An important property of nearest neighbor models is that no learning actually takes place with the training data; rather, the model is the training data. This can be viewed as either a criticism or a strength of the model, depending on whether the goal is to just to make accurate predictions or to find a simple and interpretable model that still makes accurate predictions. Often the latter kind of model is preferred over the former, so nearest neighbor models are not often the best choice for supervised tasks. However, these models can be useful in establishing a baseline accuracy that one can attempt to match with models that have less complexity.

As expected, the nearest neighbor model is much more accurate than the Perceptron model we tried earlier. This is because it is capable of capturing some of the non-linearities of classes, especially with regards to the electronegativity of the \(A\) and \(B\) atoms. We can write some Python code to visualize this as follows:

Hide code cell source
en_range = (0.75, 2.6)
eval_tG = np.mean(x_train[:,2])

mesh_size = 200
a_mesh, b_mesh = np.meshgrid(
    np.linspace(en_range[0],en_range[1], mesh_size),
    np.linspace(en_range[0],en_range[1], mesh_size))

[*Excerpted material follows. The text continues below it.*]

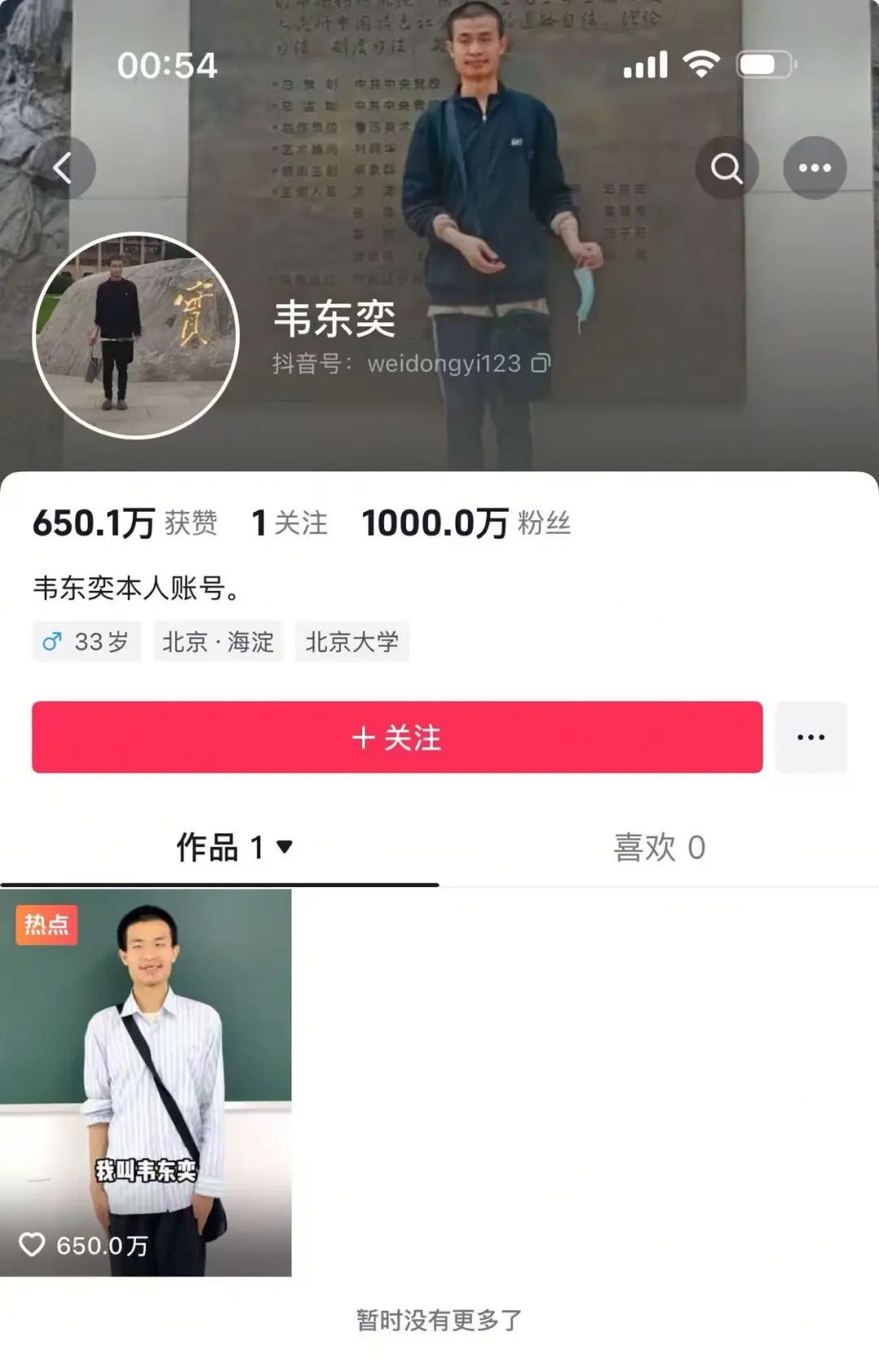 韋東奕的短視頻賬號周三(6月4日)晚發布首條視頻,時長僅4秒,他站在一塊黑板前說:“大家好,我叫韋東奕,這是我的個人賬號”。 該賬號周五(6日)引起網友關注,當晚11時許,粉絲數量已從當天早些時候的1萬暴漲至908萬,并且還在持續快速增長中。 至7日00:54分,韋東奕賬號粉絲數量突破1000萬。
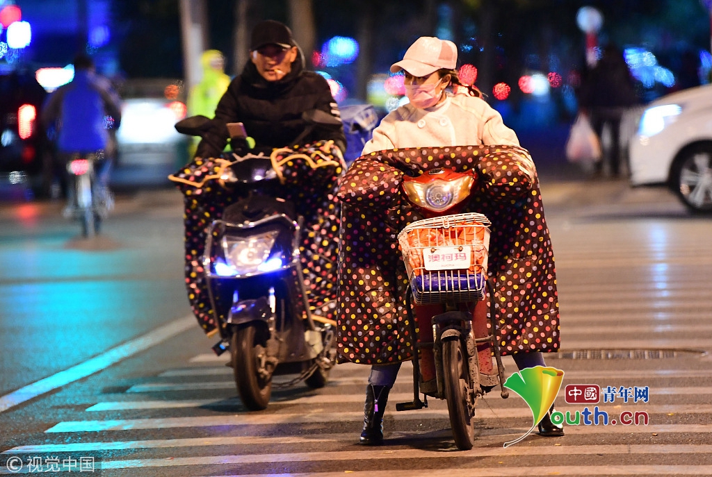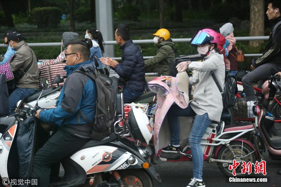 2018年10月9日,山東濟(jì)南,昨日一場(chǎng)秋雨過(guò)后開始降溫,今天清晨最低氣溫只有6度,馬路上不少上班族穿上羽絨服騎車趕上班路。 圖片來(lái)源:視覺中國(guó)

mesh_features = np.array([
    a_mesh.flatten(),
    b_mesh.flatten(),
    eval_tG*np.ones_like(a_mesh.flatten())
]).T

z_mesh_features = x_scaler.transform(mesh_features)

predictions = knc.predict(z_mesh_features)
predictions_mesh = predictions.reshape(a_mesh.shape)

plt.figure()
surf = plt.contourf(a_mesh, b_mesh, predictions_mesh, cmap='binary', levels=100)
cbar = plt.colorbar(surf)
cbar.ax.set_yticks([-1,1])
cbar.ax.set_yticklabels(['Cubic','Non-Cubic'])
plt.xlabel('EN(A)')
plt.ylabel('EN(B)')
plt.title(r'Nearest Neighbor Classification [$t_G$ = ' + f'{eval_tG:.3f}]')
plt.show()
../_images/f2006f9db730acab3e9fac56ba80624e5ec952a5ca0012ba4737636c4b7bad08.png

Now that we have established a baseline accuracy using the nearest neighbor model, let’s try to exceed this baseline accuracy with a more complex model.

Decision Tree Classifier#

Next, let’s try a model that is slightly more complex than the perceptron classifier: a Decision Tree Classifier. As the name suggests, a decision tree classifier works by constructing a decision tree based on individual features. Decision trees are especially well-suited to datasets with independent features that tend to exist in many small clusters. Since the distribution of cubic and non-cubic perovskites with respect to electronegativity is grid-like and contains many small clusters, we may obtain good results with a decision tree. To fit a decision tree to the data, we will use the sklearn.tree.DecisionTreeClassifier model. Since most of the sklearn models conform to the same interface for fitting and evaluating model accuracy, we only need to make a few changes to our code to try out this model:

Hide code cell source
from sklearn.tree import DecisionTreeClassifier

# fit a decision tree model to the data: 
dtree = DecisionTreeClassifier(max_depth=10)
dtree.fit(z_train, y_train)

# evaluate the model on the training and validation set:
train_accuracy = dtree.score(z_train, y_train)
val_accuracy = dtree.score(z_val, y_val)

# print the accuracy of the model:
print('training set accuracy:  ', train_accuracy)
print('validation set accuracy:', val_accuracy)
training set accuracy:   0.8688716866056767
validation set accuracy: 0.7842401500938087

Comparing the validation error of the decision tree classifier with the nearest neighbor model from before, we see that the decision tree classifier performs slightly better.

Exercises#

Exercise 1: Histogram Gradient Boosting Machine

In the paper that produced this dataset, the model that yielded the best accuracy was the Light Gradient Boosting Machine (LGBM), developed by Microsoft Research. A similar gradient boosting model is implemented in the sklearn package as sklearn.ensemble.HistGradientBoostingClassifier.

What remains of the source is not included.